* [YOUR TASK]: Leave the pictures out. Transcribe exactly every line from the start of the records through the one containing "i went to training".

[Records from a collection]
BEGIN

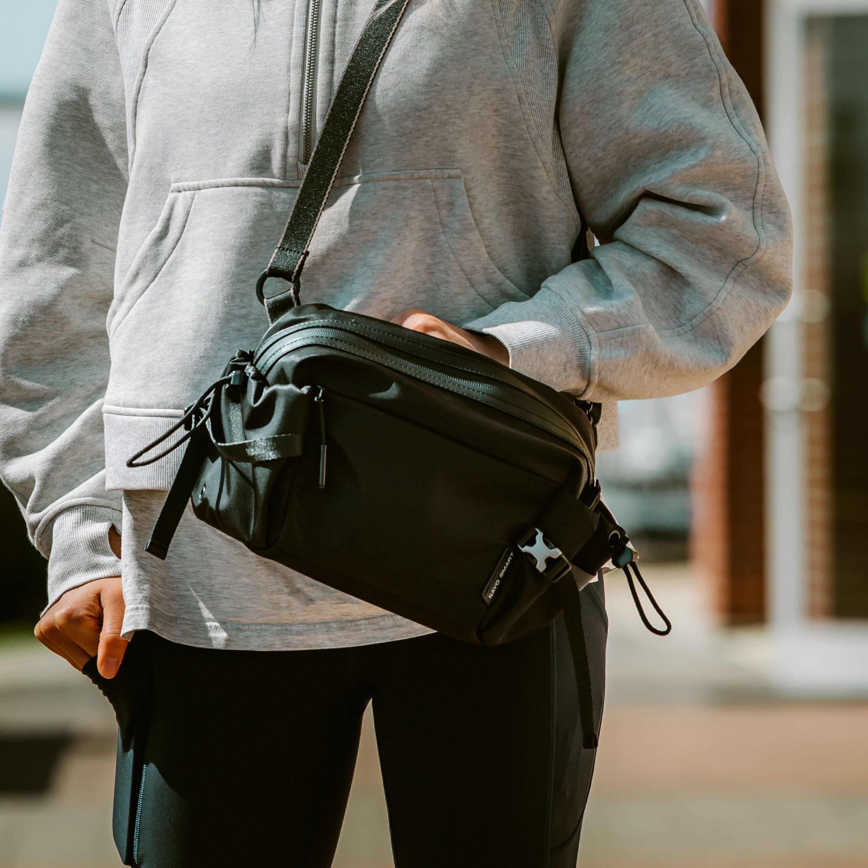 - Front quick-access zip pocket for hand sanitizer; hidden rear pocket for smartphone.
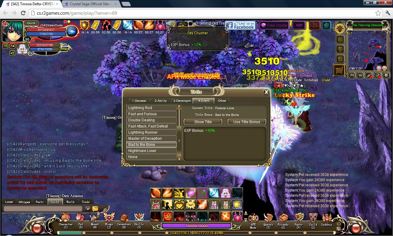 i went to training just a few mins ago and ofc im using title bonus "bad to the bone" for 10% more exp, but if you look on the buffs thing instead of showing bad to the bone shows "Sky crusher" and there's a title for sky crusher wich gives 8% crit damage or something like that, well my point is that idk if its only a typo or if instead of giving the exp its giving more crit still wanted to report this cuz even typo should be fixed sooner or later lol
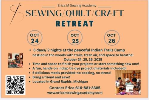 Step away from the hustle and bustle and immerse yourself in a peaceful, creative getaway at our Sewing Quilt Retreat. Set at the scenic Camp Indian Trails, this three-day retreat offers the perfect opportunity to focus on your sewing or quilting projects—whether you’re starting something new or finally finishing that long-standing WIP.
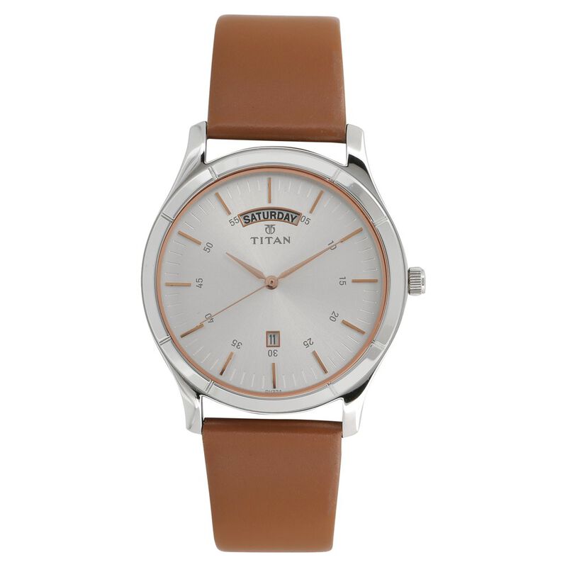 Titan Men's Urban Edge Lustrous Silver Dial Leather Watch
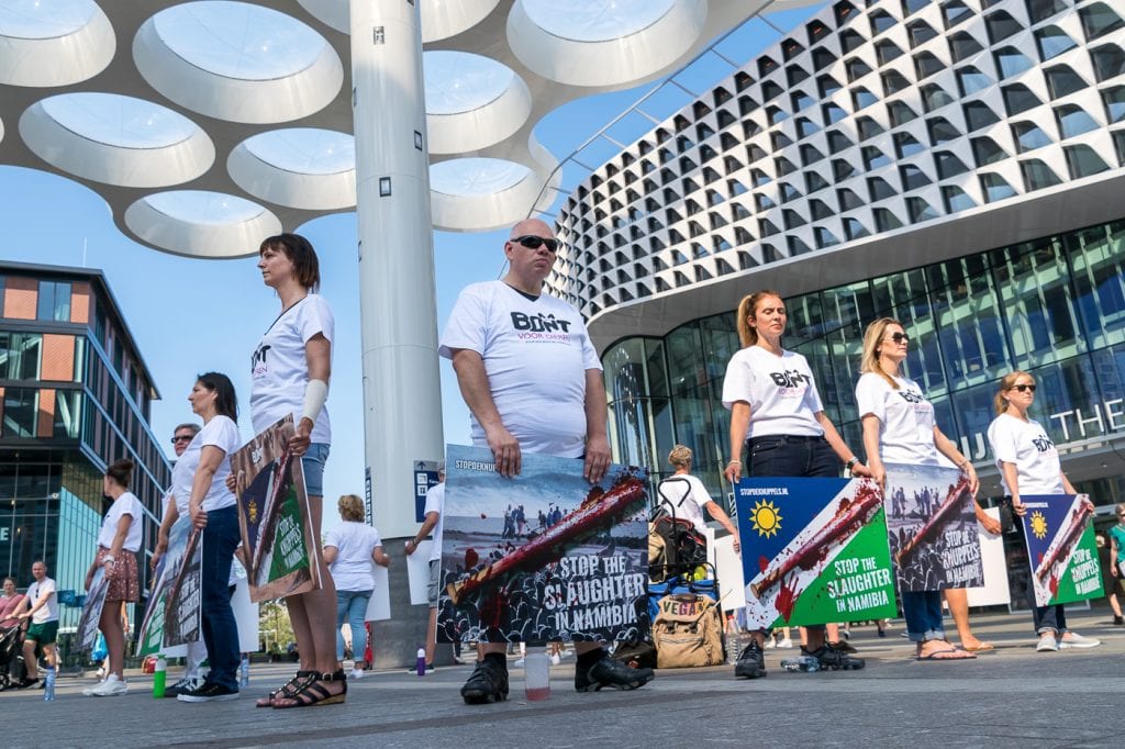 Medewerkers van Bont voor Dieren gingen het gesprek aan met omstanders die bleven staan om te kijken naar het vierkant op het plein. Zo ‘bekend’ als de zeehondenjacht in Canada namelijk is, zo weinig is er bekend over de 86.000 Kaapse pelsrobben die in Namibië tussen juli en december mogen worden doodgeknuppeld voor hun vacht. Ook weet bijna niemand dat Namibië 300 procent meer inkomsten zou genereren uit zeehondentoerisme dan uit de bontindustrie. Aan de hand van deze kennis verstuurde iedereen met wie wij in gesprek gingen onze protestmail, bedoeld voor het Namibische Ministerie van Visserij om voor eens en altijd te stoppen met de jacht. Deze mensen konden vervolgens op de foto met een protestbord met de tekst ‘Ook ik ben tegen de knuppels in Namibië’.
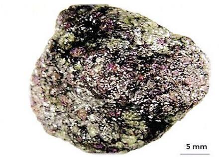 科学家用X射线对这块岩石进行扫描后发现,里面的钻石的外径仅有1毫米,呈八面体。整体形状类似底对底粘在一起的两座金字塔。红色和绿色来自较大的石榴石、橄榄石和辉石晶体。
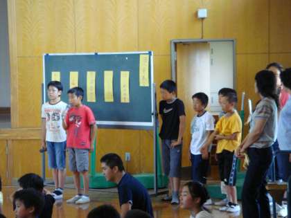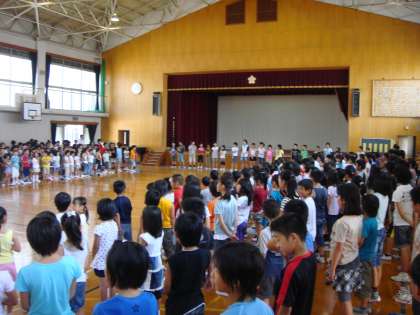 児童集会 公開日 2011/07/12 更新日 2011/07/12 学校の様子 今日の児童集会では、 まず、飼育委員会から、「休み時間に飼育小屋の開放をしています。 ぜひ来てください」と呼びかけがありました。 次に、音楽委員会が中心となり今月の歌を全校児童で歌いました。 毎回、計画委員会の児童が司会進行をしてくれています。
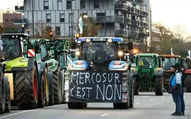 Na quinta-feira, Bruxelas, sede da União Europeia, foi tomada por protestos violentos de agricultores europeus contra o acordo. Segundo a polícia de Bruxelas, 7.300 pessoas com cerca de 50 tratores participaram do protesto autorizado, a maioria pacificamente. Mas outros 950 tratores chegaram ao bairro europeu, bloqueando várias ruas, com registro de vários incidentes.
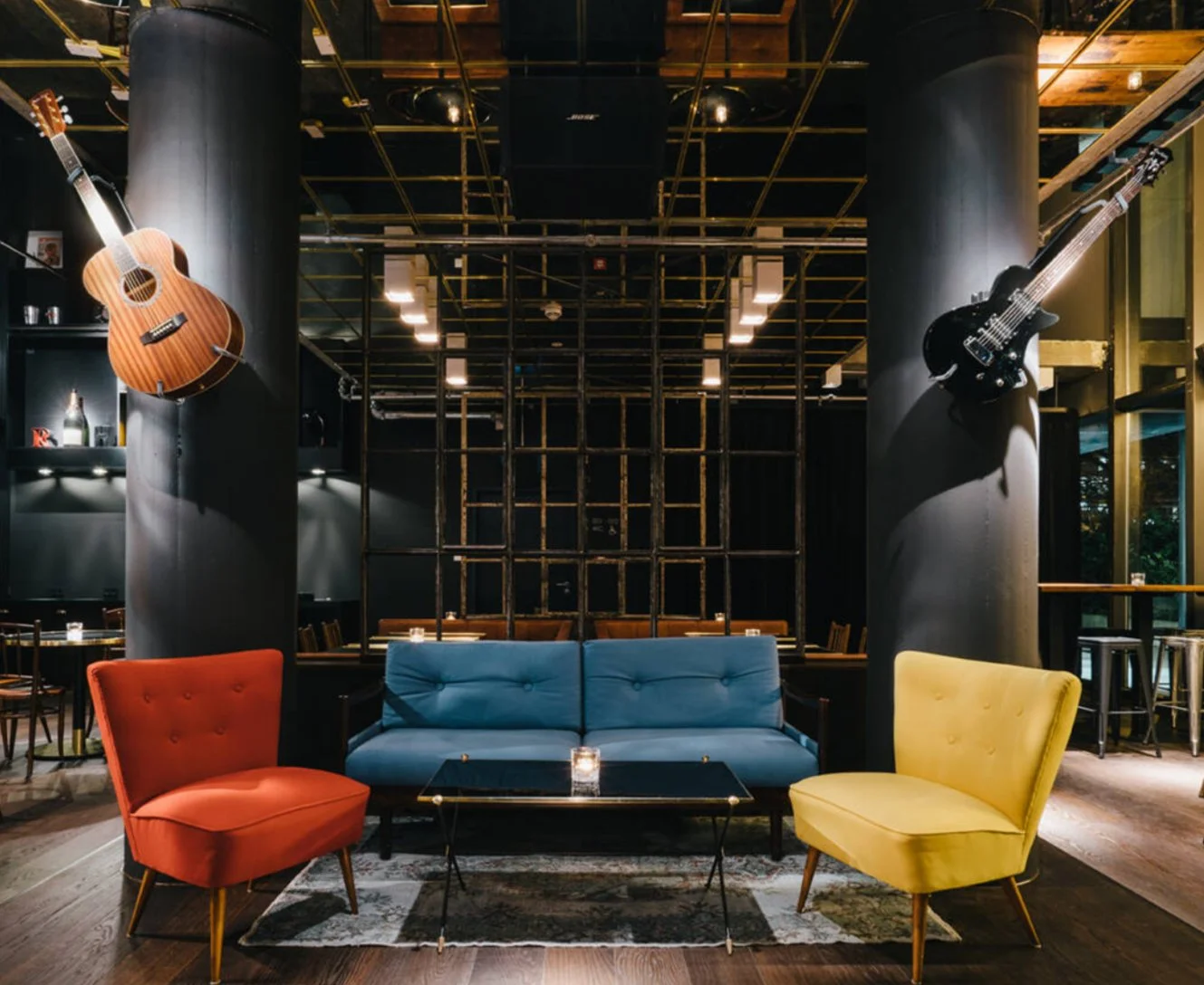 Schon beim Betreten des Hotels fällt das durchdachte und gleichzeitig unkonventionelle Design ins Auge. Die Einrichtung ist eine Mischung aus industriellen Elementen und modernem Komfort. Offene Betonwände, gemütliche Samtsofas und charmante Retro-Akzente vermitteln eine einladende, aber auch coole Stimmung. Das Ruby Lilly greift bewusst die kulturelle Vielseitigkeit Münchens auf und würzt sie mit einem Hauch von Vintage. Überall finden sich kleine Details, die zum Schmunzeln anregen und die Geschichte des Ortes erzählen – eine Symbiose aus hippen Designelementen und einem subtilen, bayrischen Augenzwinkern. Das ganze Hotel wirkt dadurch eher wie ein stilvoller Rückzugsort für kreative Seelen als ein klassisches Stadthotel.
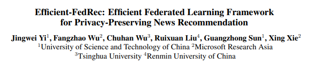 如今,隐私保护对于 AI 系统变得日益重要。由于推荐系统(如新闻推荐)需要使用大量用户的行为数据进行模型训练和推理,因此满足用户数据隐私保护的需求也十分迫切。联邦学习是一种可以实现隐私保护的模型训练框架,能够在用户数据不离开本地的前提下,联合大量用户进行协同模型训练。
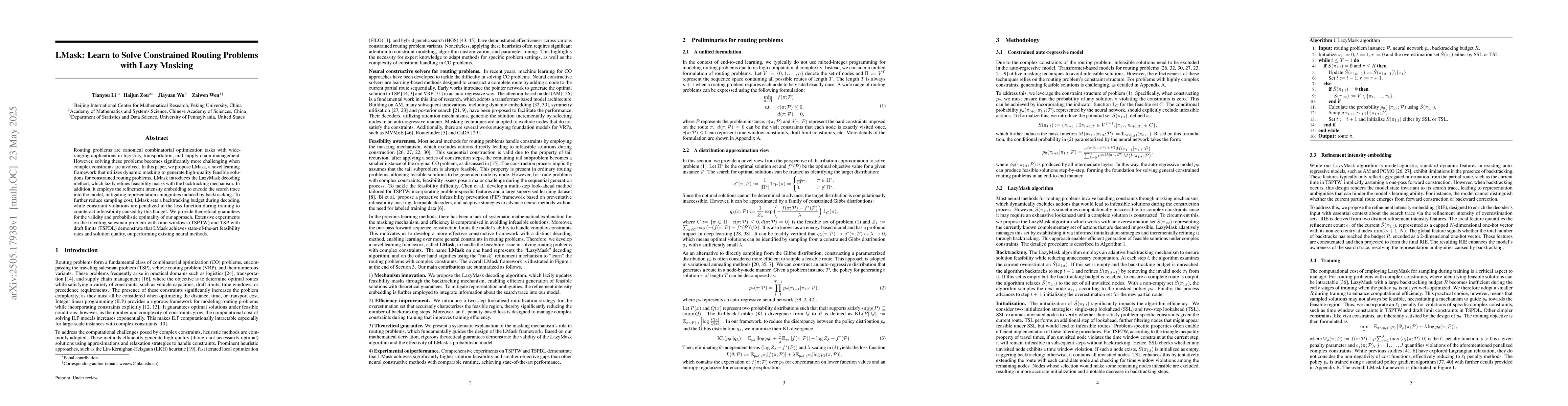 The research proposes LMask, a learning framework utilizing dynamic masking for constrained routing problems, employing LazyMask decoding and refinement intensity embedding to enhance feasibility and solution quality.
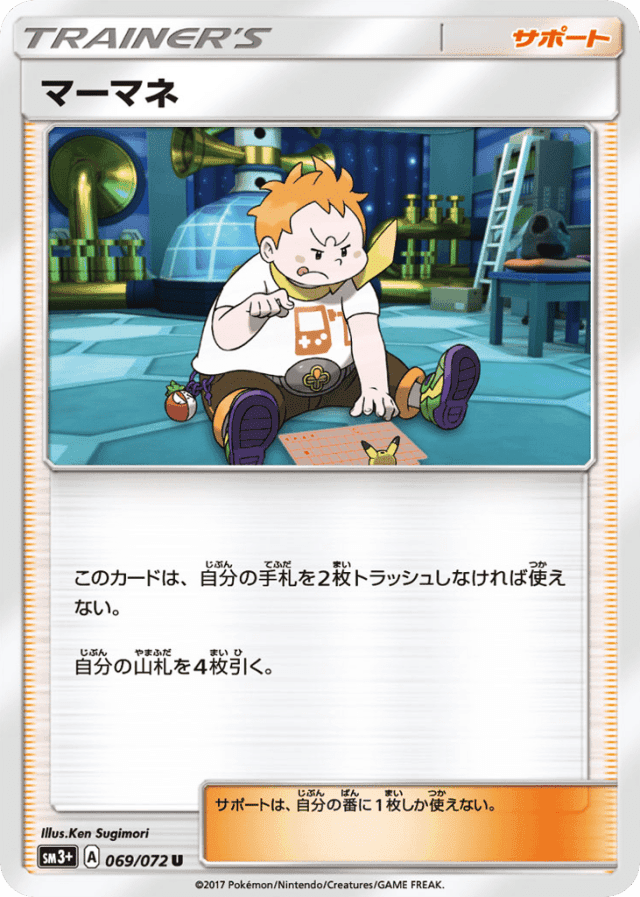 このカードは、自分の手札を2枚トラッシュしなければ使えない。 自分の山札を4枚引く。 サポートは、自分の番に1枚しか使えない。
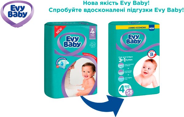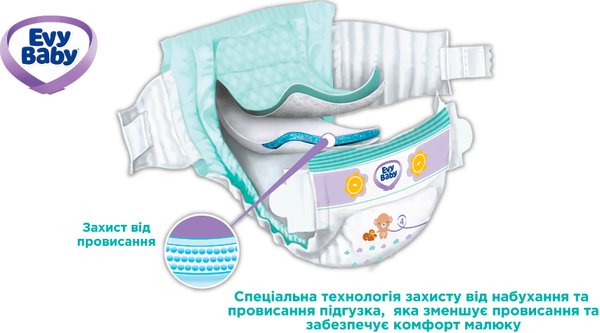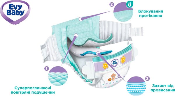Підгузки Evy Baby – це система повного догляду за ніжною шкірою малюка. Завдяки спеціальним суперпоглинаючим подушечкам підгузки Evy Baby забезпечують швидке поглинання та рівномірний розподіл рідини всередині підгузка. Захисна система від протікань блокує рідину всередині підгузків та забезпечує екстра сухість. Завдяки спеціальній структурі підгузків та використанню дихаючих матеріалів вони чудово сидять і оберігають шкіру вашого малюка.
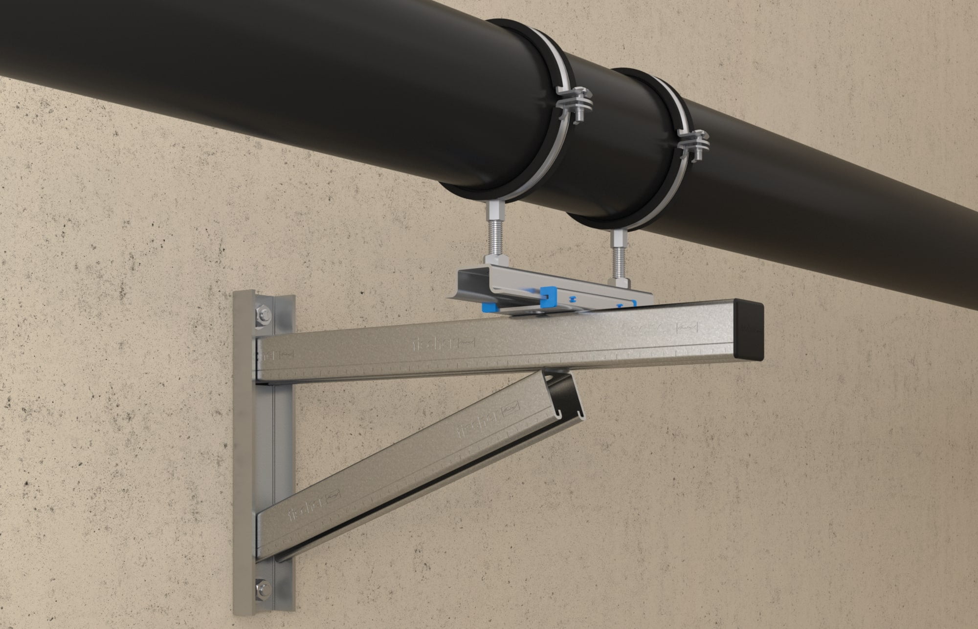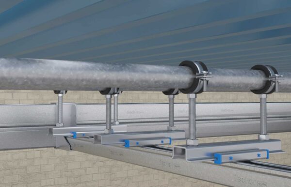 Das fischer Gleitelement mit einem maximalen Schiebeweg von 100 mm zur Aufnahme von axialen Längenänderungen von Rohrleitungen. Der große Schiebeweg des Gleitelements erlaubt die Aufnahme großer Ausdehnungen. Die Lochung des Schiebeschlittens erlaubt den Einsatz als einfaches oder zweifaches Gleitelement. Das Biegen der vier Laschen in der Grundplatte verhindert wirksam das Herausgleiten.
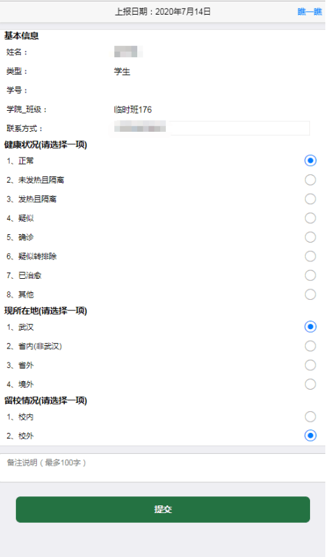 考生登陆上报系统进入健康信息填写页面后,按实际健康情况在相关问题选择处点击选项,全部选择完成后,点击提交,当日的健康状况上报程序完成。在7月28日前,考生须持续不间断地完成14天的健康状况上报。健康监测结果将作为入校防疫检查的重要依据。
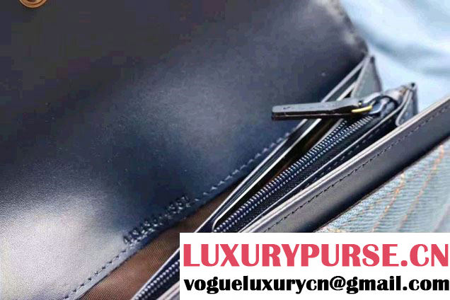 Gucci Metal Logo GG Marmont Embroidered Floral Cloth Fabric Continental Wallet 443436 Blue
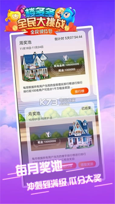 《楼多多全民大挑战》这是一款非常不错好玩的一款关于闯关赚钱的休闲游戏,只需要每天进行花一点时间进行闯关即可,到达一定的积分就可以轻松的赚钱,每个月都有奖金过分的活动,让你可以轻松的赚钱。
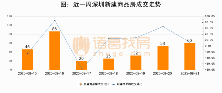 根据深圳市住房和城乡建设局数据显示,2025年08月21日深圳新建商品房成交60套,较昨日增加7套,环比上涨13.2%

END

* [RESPONSE TO THIS EXERCISE]:
 - Front quick-access zip pocket for hand sanitizer; hidden rear pocket for smartphone.
 i went to training just a few mins ago and ofc im using title bonus "bad to the bone" for 10% more exp, but if you look on the buffs thing instead of showing bad to the bone shows "Sky crusher" and there's a title for sky crusher wich gives 8% crit damage or something like that, well my point is that idk if its only a typo or if instead of giving the exp its giving more crit still wanted to report this cuz even typo should be fixed sooner or later lol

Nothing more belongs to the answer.